**GOAL OF THE EXERCISE:**
Write out exactly the lines of the entries below from the one holding "TE Part #2198234-2" to the one holding "Handles for storage bins SK L 281 mm 2-19527", inclusive, and leave out all other lines.

**SOURCE INFORMATION:**
——————

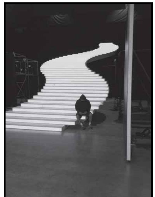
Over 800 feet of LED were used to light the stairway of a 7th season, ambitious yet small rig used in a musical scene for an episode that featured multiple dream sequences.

——————

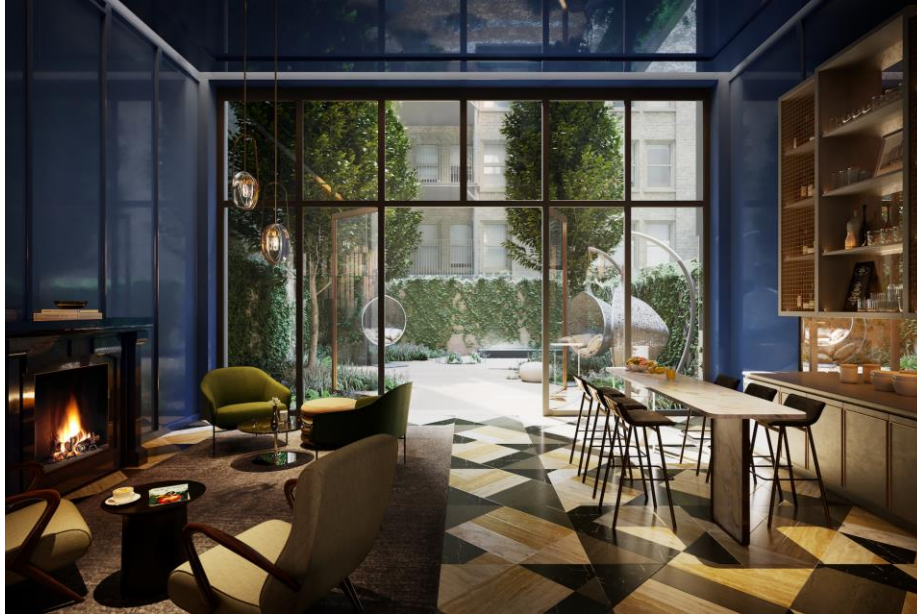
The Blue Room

——————

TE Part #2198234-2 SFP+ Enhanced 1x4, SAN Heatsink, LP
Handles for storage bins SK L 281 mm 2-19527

——————

**TASK RESPONSE:**
TE Part #2198234-2 SFP+ Enhanced 1x4, SAN Heatsink, LP
Handles for storage bins SK L 281 mm 2-19527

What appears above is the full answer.